Artificial Intelligence origin story
Once upon a time, in the ancient world, people dreamed of creating artificial beings with human-like intelligence. These dreams were told in myths and stories, like the Greek tale of the humanoid robot Talos, sculpted from bronze by Hephaestus to defend Crete against invaders.
In the philosophical realm of the 17th century, René Descartes and Gottfried Wilhelm Leibniz pondered the notion of mechanical reasoning devices. They envisioned a world where intricate machines could mimic human thought processes, where gears and levers could simulate human intellect.
These early visions were the sparks of inspiration, the flickers of the AI story that was yet to be fully written. While Pygmalion’s statue remained a sculpture, and Descartes and Leibniz’s mechanical devices were but dreams, the idea of intelligent machines began to take shape.
Dawn of the machines
Jump forward to the 19th century, and inventors like Charles Babbage were building early mechanical wonders. Babbage’s Analytical Engine laid the groundwork for modern computers and the eventual emergence of AI.
But it wasn’t until the 20th century that the real AI adventure began. A brilliant British mathematician named Alan Turing imagined the concept of a “universal machine” that could perform any computational task and solve algorithms. During World War II, he and others developed early computing devices that could crack enemy codes, showcasing a hint of Machine Learning and making Turing the father of Artificial Intelligence.

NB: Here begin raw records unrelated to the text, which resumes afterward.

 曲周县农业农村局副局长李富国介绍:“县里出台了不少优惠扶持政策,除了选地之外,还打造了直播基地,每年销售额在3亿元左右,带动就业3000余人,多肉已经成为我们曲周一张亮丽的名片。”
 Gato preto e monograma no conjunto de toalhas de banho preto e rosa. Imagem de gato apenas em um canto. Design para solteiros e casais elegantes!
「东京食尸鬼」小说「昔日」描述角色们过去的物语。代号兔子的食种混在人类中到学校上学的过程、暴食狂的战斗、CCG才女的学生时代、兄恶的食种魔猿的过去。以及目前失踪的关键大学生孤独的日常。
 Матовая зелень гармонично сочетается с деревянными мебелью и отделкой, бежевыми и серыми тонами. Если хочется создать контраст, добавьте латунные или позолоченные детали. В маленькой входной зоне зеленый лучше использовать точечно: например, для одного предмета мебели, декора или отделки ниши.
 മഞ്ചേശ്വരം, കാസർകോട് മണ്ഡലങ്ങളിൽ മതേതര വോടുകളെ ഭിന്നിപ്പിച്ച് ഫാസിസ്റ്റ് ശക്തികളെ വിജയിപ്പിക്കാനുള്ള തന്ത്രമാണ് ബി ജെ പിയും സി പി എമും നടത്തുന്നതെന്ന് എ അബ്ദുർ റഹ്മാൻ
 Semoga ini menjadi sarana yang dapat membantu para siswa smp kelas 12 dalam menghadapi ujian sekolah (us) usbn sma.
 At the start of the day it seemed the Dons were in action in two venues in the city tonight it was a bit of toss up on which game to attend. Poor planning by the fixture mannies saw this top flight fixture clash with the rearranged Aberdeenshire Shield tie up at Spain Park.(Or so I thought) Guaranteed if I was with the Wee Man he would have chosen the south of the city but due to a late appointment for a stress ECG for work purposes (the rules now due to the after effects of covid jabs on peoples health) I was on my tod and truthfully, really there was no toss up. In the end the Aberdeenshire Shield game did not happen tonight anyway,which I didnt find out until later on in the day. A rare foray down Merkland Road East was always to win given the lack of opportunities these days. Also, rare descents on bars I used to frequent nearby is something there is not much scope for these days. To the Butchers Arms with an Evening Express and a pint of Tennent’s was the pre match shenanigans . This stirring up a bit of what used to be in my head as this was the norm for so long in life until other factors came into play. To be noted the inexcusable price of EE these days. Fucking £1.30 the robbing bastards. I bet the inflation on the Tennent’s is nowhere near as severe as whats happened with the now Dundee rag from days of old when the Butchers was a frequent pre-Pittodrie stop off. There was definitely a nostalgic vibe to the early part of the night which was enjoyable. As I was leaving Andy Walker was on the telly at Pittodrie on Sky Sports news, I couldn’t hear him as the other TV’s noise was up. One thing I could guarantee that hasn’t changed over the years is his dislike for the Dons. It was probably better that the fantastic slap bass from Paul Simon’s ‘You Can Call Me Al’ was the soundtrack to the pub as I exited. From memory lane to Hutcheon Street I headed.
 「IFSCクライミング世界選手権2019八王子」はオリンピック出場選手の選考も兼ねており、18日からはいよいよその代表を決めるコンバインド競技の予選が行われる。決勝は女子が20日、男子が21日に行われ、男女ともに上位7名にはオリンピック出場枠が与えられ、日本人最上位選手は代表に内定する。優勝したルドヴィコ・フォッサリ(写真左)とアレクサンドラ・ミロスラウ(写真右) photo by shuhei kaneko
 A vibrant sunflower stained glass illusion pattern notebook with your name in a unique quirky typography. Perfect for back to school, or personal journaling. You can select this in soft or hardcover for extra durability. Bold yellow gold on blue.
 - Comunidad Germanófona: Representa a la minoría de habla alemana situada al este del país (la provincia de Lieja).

In 1956, a group of researchers, including John McCarthy, gathered at the Dartmouth Conference and coined the term “Artificial Intelligence.” They believed that machines could simulate human-like thinking. During this time, AI pioneers explored symbolic AI, a world of rule-based systems and logical reasoning. They created programs like the Logic Theorist and the General Problem Solver to tackle mathematical puzzles, and the natural language processor ELIZA to simulate a psychotherapist.
However, the 1970s brought a cold spell known as the “AI winter,” which lasted until 1980. High expectations collided with slow progress, leading to funding cuts and a sense of disillusionment. AI research turned to expert systems and knowledge representation.
Renewed interest and modern development of AI
The early 1980s saw the separation of Artificial Intelligence and machine learning, which until then had served as a training program for Artificial Intelligence. Artificial Intelligence research thus moved away from algorithms and began to focus on using logical knowledge-based approaches. Machine learning, on the other hand, has become a separate field that focuses on solving practical problems. The dynamic development of this area can be attributed to not only a large number of researchers and neural network specialists, but also the growing popularity of the Internet, which not only allowed its solutions to be shared with a wider audience, but also significantly facilitated access to digital data.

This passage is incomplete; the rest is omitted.